Friselle con pomodoro e basilico

Friselle
Friselle
OH this is some surprisingly good food. I was skeptical that I would like this bread but now I can't imagine summer without it. This is a crunchy snack made in the winter and served in the summer months. It is used as the support to any number of toppings, including fresh tomatoes and other fresh ingredients.
 
In Italy you can buy friselle in the stores, mostly in the south. In the US we have a harder time finding it. Below is a recipe for baking your own friselle. One of the advantages of this bread is it will keep for months in the cupboard.
 
We are going to put a simple salad of crushed tomatoes and basil tossed in olive oil with a pinch of salt.
 
The one trick with this very dry bread is wetting it ever so briefly and letting it rest for a minute before enjoying. The bread is very dry otherwise. Dry enough to keep in pantry throughout the summer. Just a quick splash is enough and will soften the bread but not make it mushy. It should still have a crunchy bite and be able to hold a full assortment of toppings. 
 
To the uninitiated, this may seem strange but I assure you, the Italians have been eating this for years and it is next level snacking.  

Friselle Recipe:

  • 500g (17.5 Oz /4 Cups) - Whole Wheat Flour 
  • 250ml (1 Cup) - Water 
  • 10g (3/4 Tbsp) - Yeast 
  • 50ml (3 1/3 Tbsp ) - Olive Oil 
  • 1tsp - Barley Malt Syrup 
  • 10g (3/4 Tbsp) - Salt 
  • 1tsp - Sugar
     
  • Fresh Ripe Tomatoes 
  • Fresh Basil 
  • Olive Oil 
  • Pinch of Salt
 
Dissolve the yeast in warm water. Then in a bowl, mix the flour, oil, sugar, and malt. Mix for one minute, while mixing, slowly pour the water yeast mixture into the bowl.
 
Continue Mixing. Finally, add the salt and work the dough for another 10 minutes. You should end up with a smooth ball of dough that pulls easily from the bowl.
 
Let rest for an hour. Dough should double in size. Then pinch off 120g portions, you can expect 9-10 pieces. 
 
Take a ball of dough and roll it out evenly from the middle to make a rope. Pinch the two ends together. Let rest for another hour.
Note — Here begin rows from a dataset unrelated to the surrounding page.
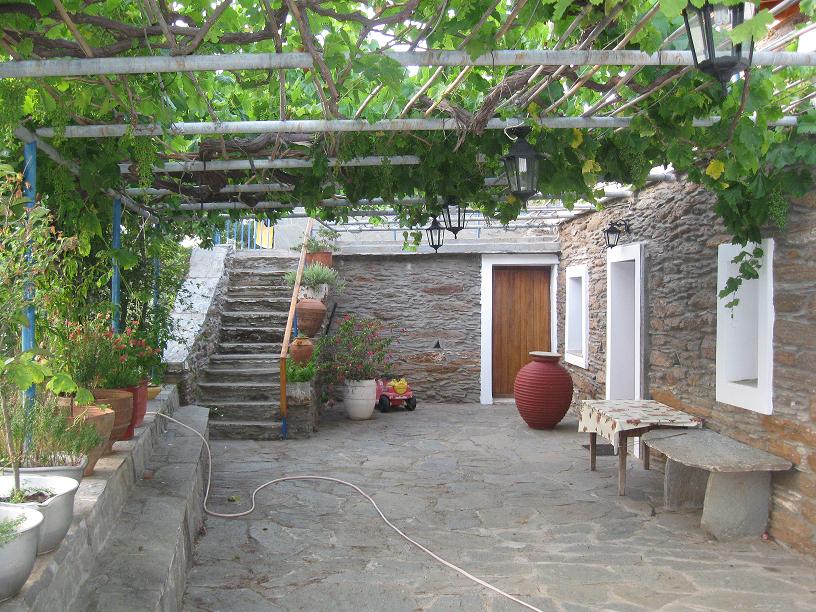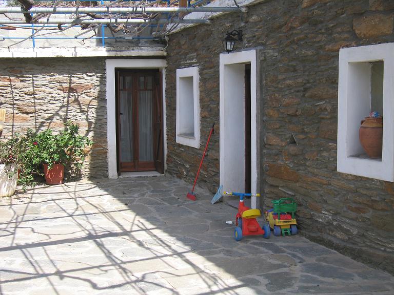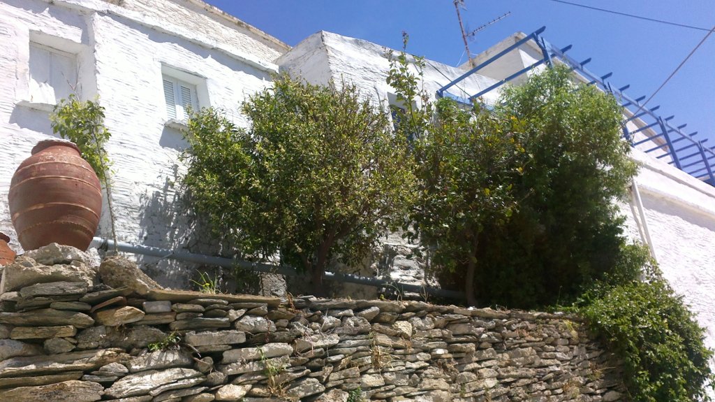 Below the traditional village of APOIKIA , only 8 km from the town of HORA, this medium sized farm-house (125 sq.m.) is built on 2 storreys , about 100 years before , but fairly well preserved and renovated . It is surrounded by a fully planted and irrigated farm land plot of 1769 sq.m. surface, near to Nature and in a quiet environment., and still in short distance they can have every needed services as well the traditional way of living of Greek villagers. Its ground floor (75 sq.m.) is used for warehouse mainly but can easily be converted to a modern penthouse , while the house on upper floor (50 sq.m) includes one bedroom, living room , small kitchen and a bathroom , with an ample terrace in front of it. It is easily approached from a road passing just next to it. Sale price : 280000 Eu.
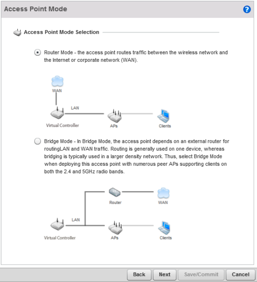 12. Select Next. The Initial AP Setup Wizard displays the Access Point Mode screen
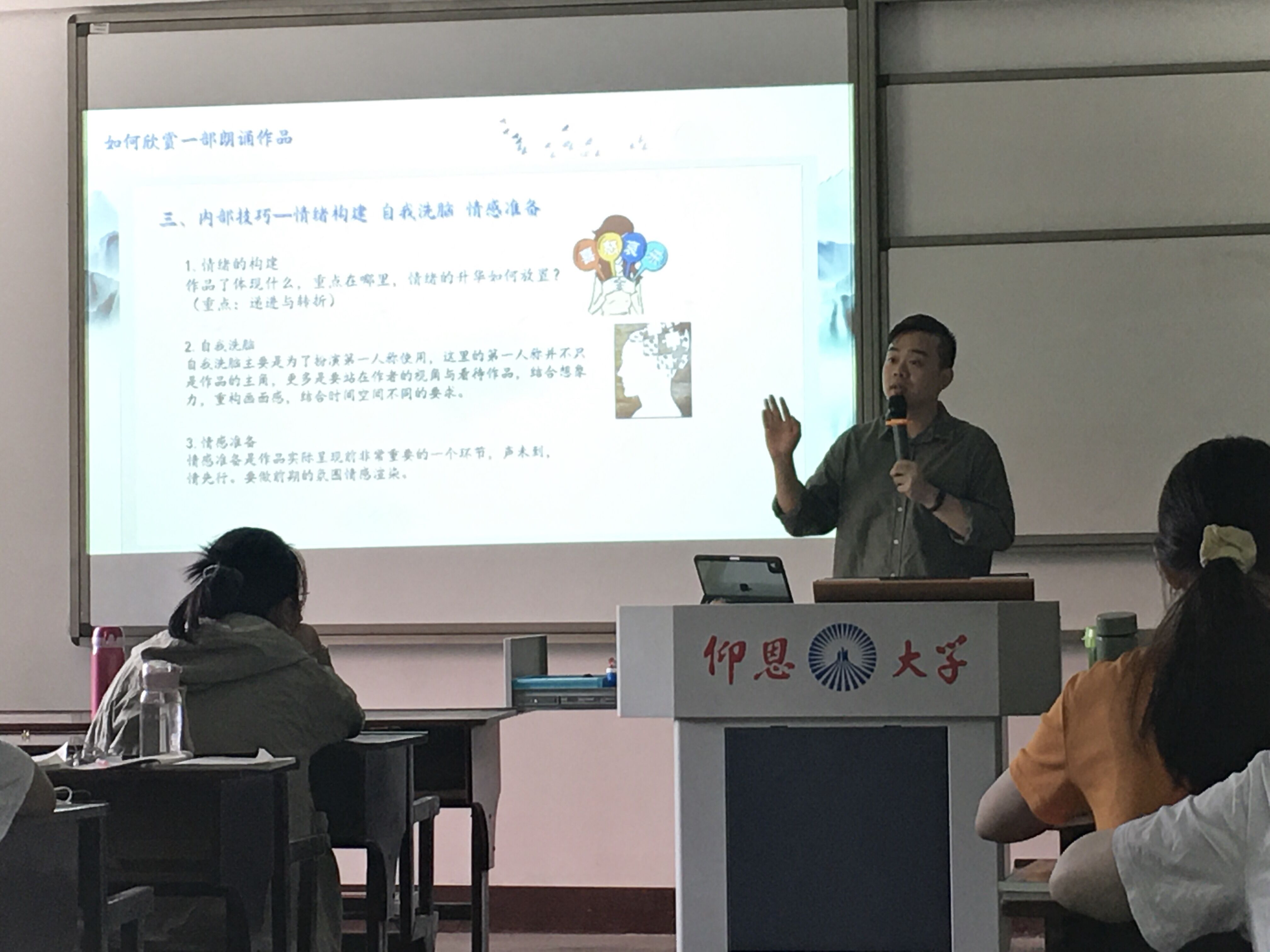 课上,陈俊晔老师带领同学们回顾了口部操的做法。在进行简单的嘴部活动之后,陈俊晔老师结合第十七届齐越节朗诵作品《少年中国说》,给同学们介绍了优秀朗诵作品的构成要素。在课堂互动环节,陈俊晔老师引导同学们将同样的话语代入不同情境,以体会情感氛围对于演讲情绪的影响。
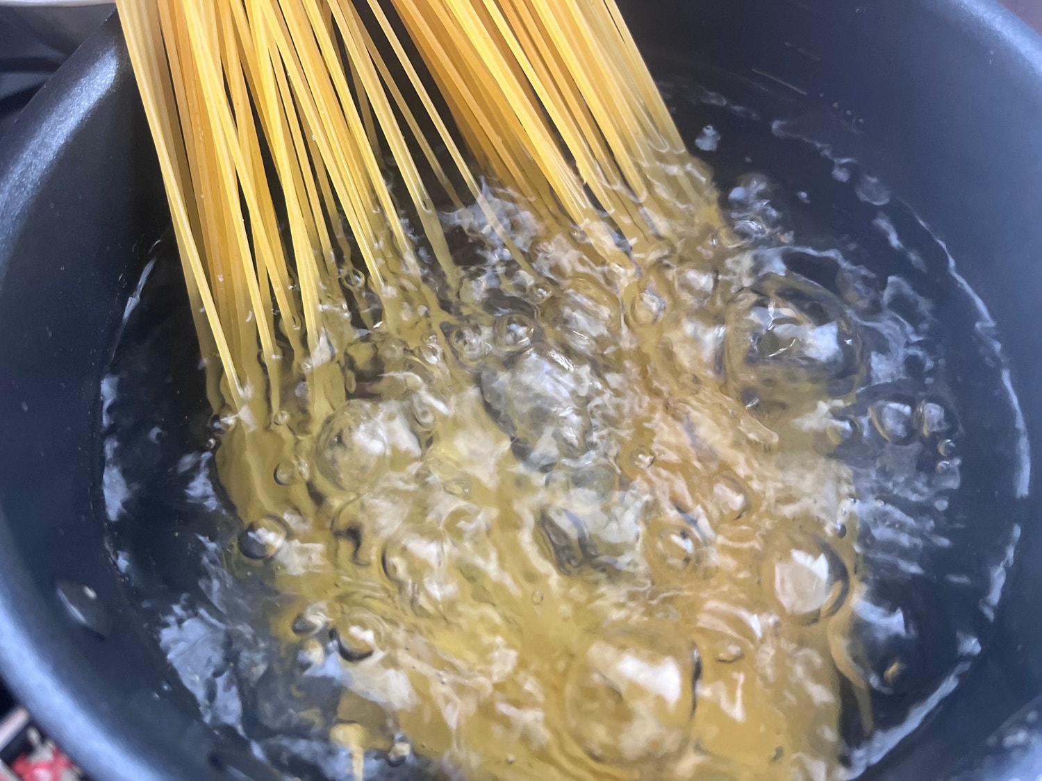 パスタ1人前80gくらい、しっかり塩気のあるお湯で茹でます。袋に記載の茹で時間より30秒ほど早くタイマーをセット!
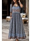 Damskie Sukienka maxi Sukienka A line Codzienny Codzienny Plaża Luźna Geometryczny Krótki rękaw W serek Niebieski Ciemnobrązowy Jasnozielony Czerwony Lato Wiosna
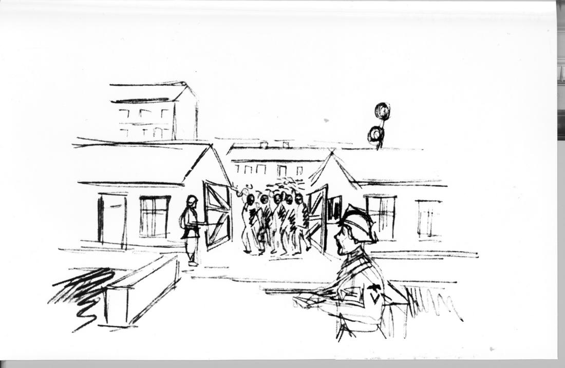 Eingang des „Schutzhaftlagers“ (Häftlingslager). Zeichnung des ehemaligen Häftlings des KZ Neuengamme Per Ulrich, nicht datiert. (ANg)
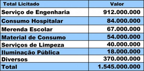 Para manter o pleno atendimento na Saúde, foram investidos R$ 84 milhões em consumo hospitalar. Na educação a merenda escolar representou um investimento de R$ 67 milhões, que inclui a mão de obra nas escolas. A compra de material de consumo, como vacina, totalizou R$ 54 milhões. As licitações nos serviços de limpeza somam R$ 40 milhões. Um total de R$ 370 milhões foi investido em diversas áreas, como na aquisição de veículos, como ambulâncias, transporte escolar e na compra de uniformes escolares e material didático.
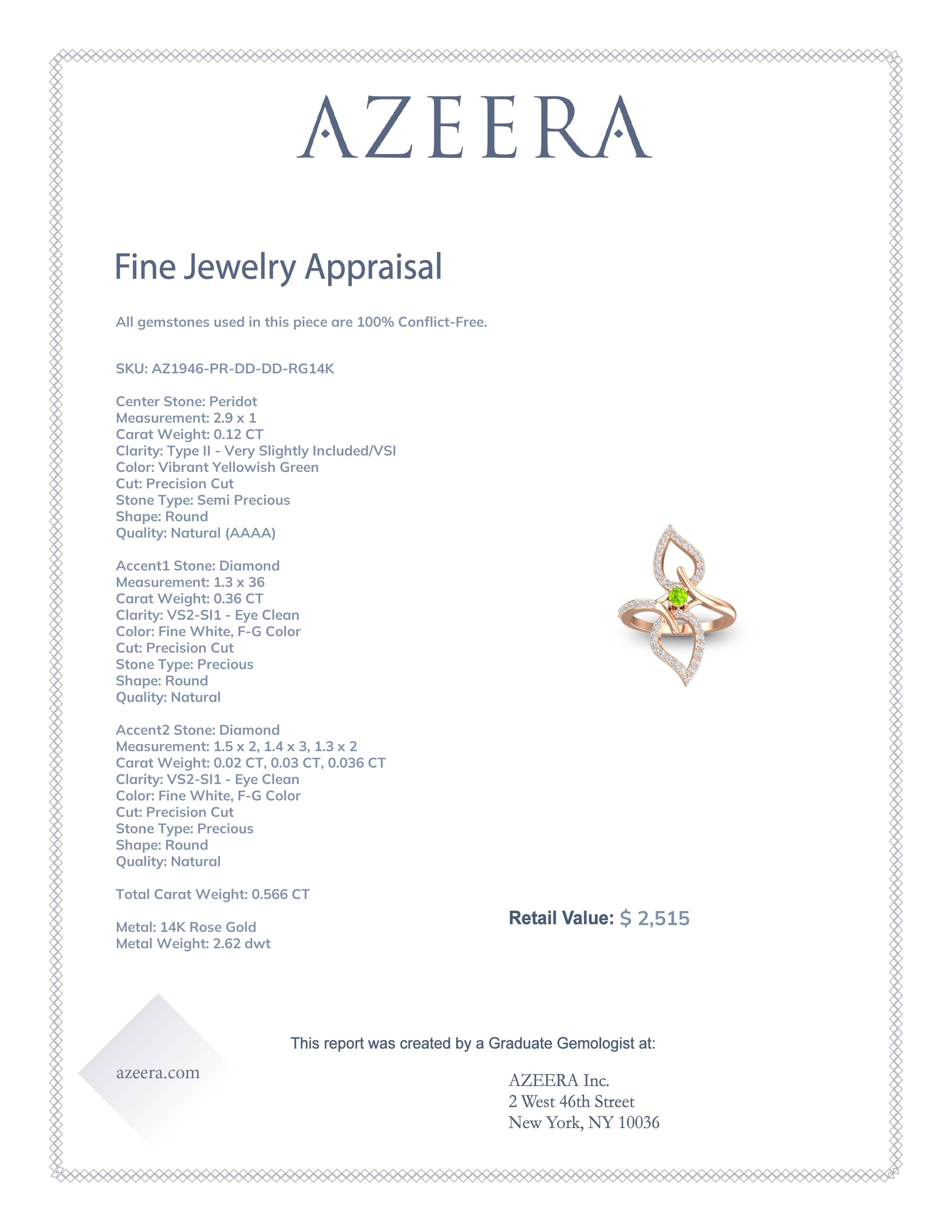 This Peridot and Diamond ring is the perfect addition to you wardrobe. Not only do we use the top 10% of gemstones available, we also make everything right here in New York City. Our Fashion Rings can be added to your collection of dainty rings, or even to your collection of stacking rings. This Nature inspired Ring Features 1 Round Brilliant Gem Of Your Choice Between Two Leaf Like Accents with Round Brilliant Gems in A Shared Prong Setting Around The Design. Ditch the worry, embrace the shine with free shipping, returns, resizing and a lifetime warranty.
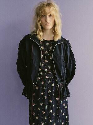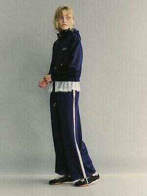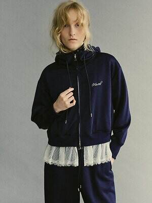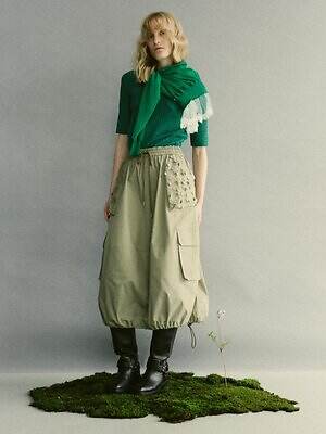 スポーティなルックを差し込むことで、ビターなテイストもプラス。それを象徴するのが、スポーツライクな生地にロマンティックなカットワークレースを施したスカートなど。シャカシャカと音がたちすぎないよう、ハリ感のある素材をあえてチョイスしている。
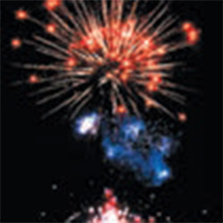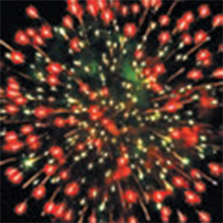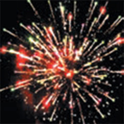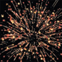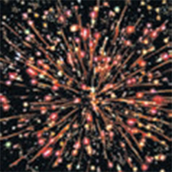 9 эффектов/: 1-2. Выстреливает подряд: Множество серебряных ниспадающих нитей (парча) с красными звездами на концах и золотое мерцание. Сфера золотых нитей с переходом в красно-зеленые мерцающие звезды (мерцающая хризантема).
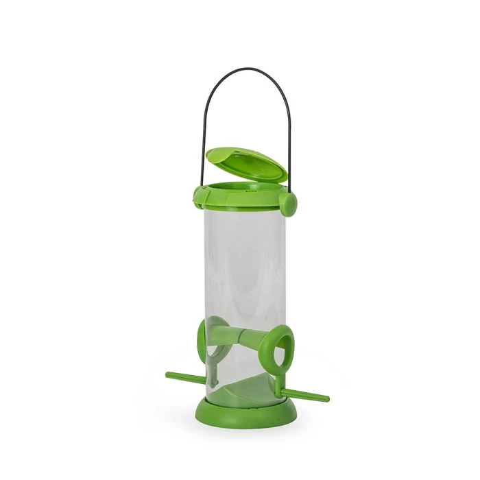 Seed mixes are a firm favourite among a variety of birds and can be offered all year round.Β This recyclable plastic feeder is the perfect size for little hands to carry and easy to open. Simply fill the feeder with high-quality seeds, click the lid back on and hang it in your garden close to trees or shrubs, to give birds some protective cover. Keep an eye on the feeder to see which birds stop by!Β
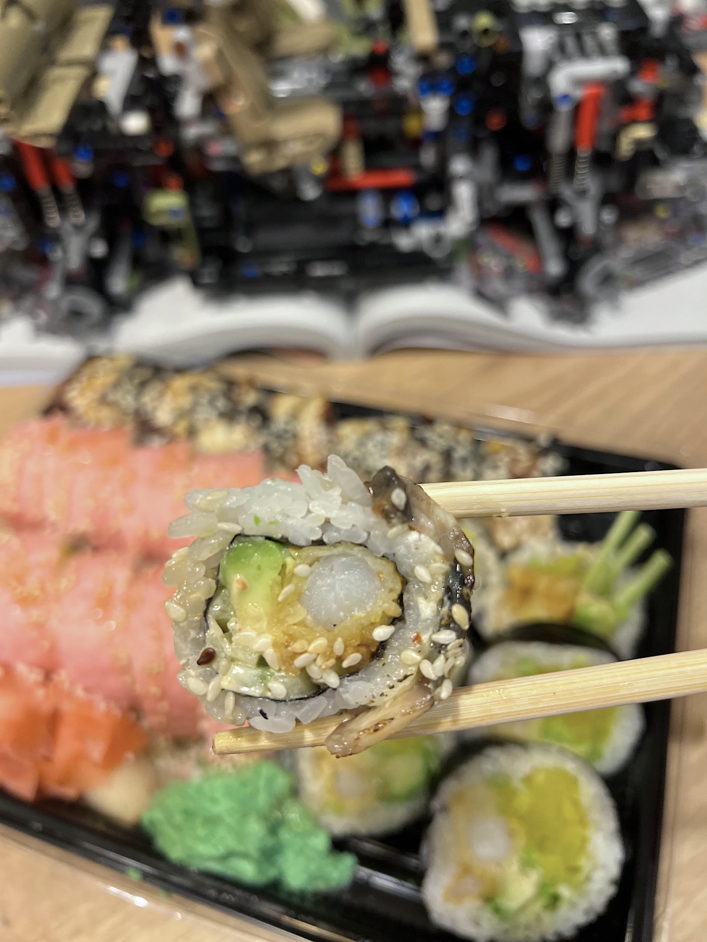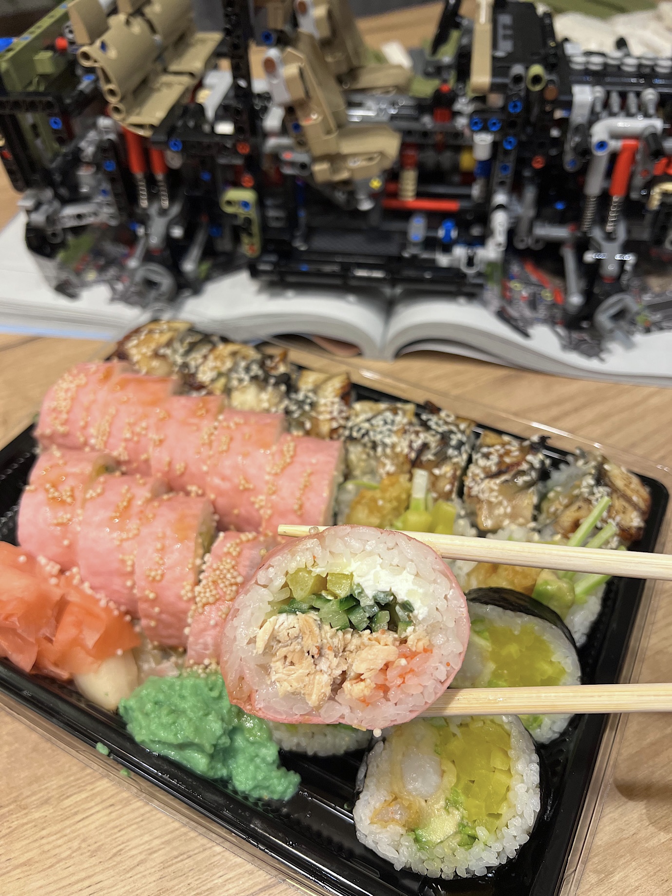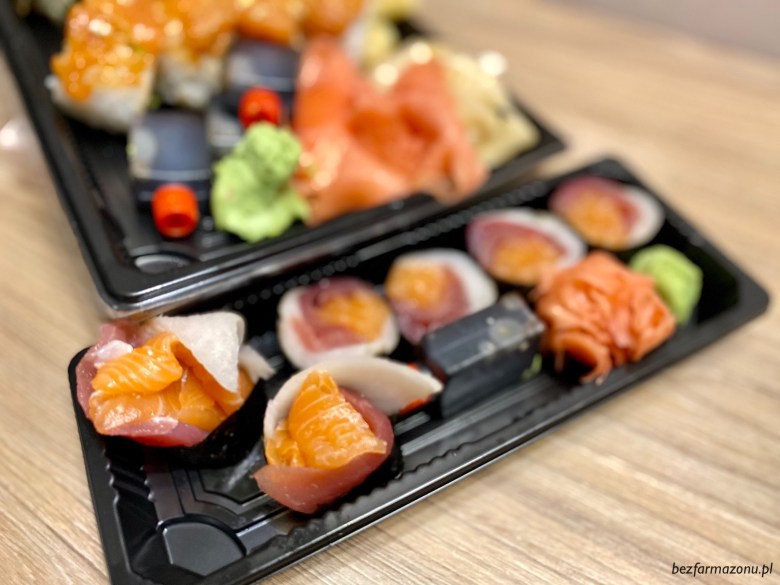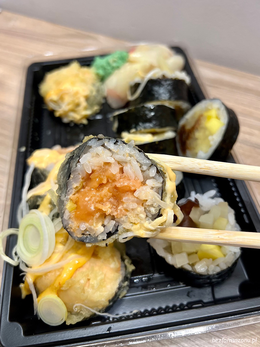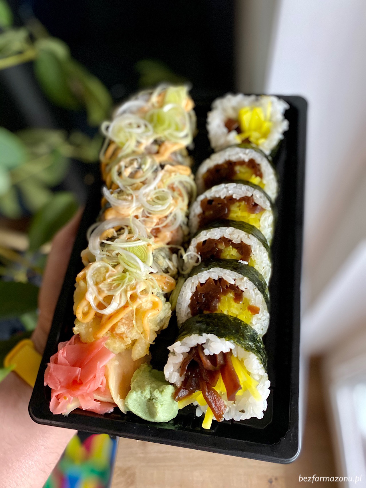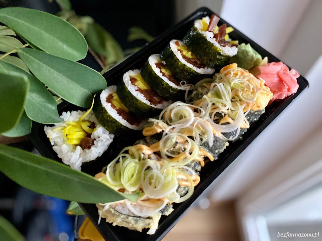 Styczniem 2022 postanowiłem poprawić sobie humor najlepszym sushi w Czyżynach. Zamówiłem futomaki wege (21 PLN) oraz uramaki samurai roll (36 PLN).
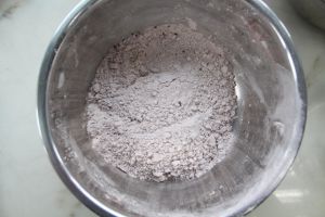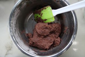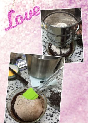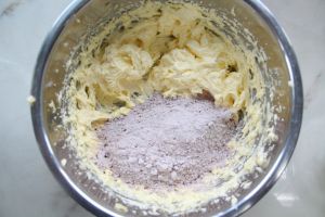 面粉和泡打粉混合后过筛,加入巧克力糊,翻拌均匀。
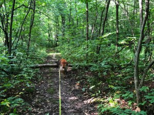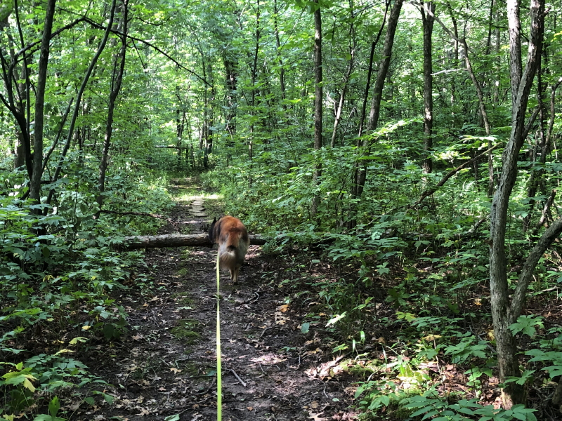 I offered a greeting as I passed and we continued on our way. I found it humorous that further along our walk along that perimeter trail, Delilah showed signs she smelled something of interest in the middle of our forest. Her behavior conveyed, “Hey! There are deer in there! Can I go see them?”

Preheat oven to 200C (390°F)
 
Once they have doubled again, bake for 10 minutes and then remove from the oven. Reduce the oven to 160C (320°F)
The friselle should be doubled in size
Back in the oven
 
Cut the friselle in half lengthwise and lay them out with the cut side facing up. Bake for another 40 minutes. They will become dry and crunchy.
 
The drier they are, the better they are. We let ours stand out over night to make sure they are cool and dry before packing them away.
To dress the friselle, splash a bit of water on the dry bread, add crushed tomatoes, basil and olive oil. A pinch of salt to taste.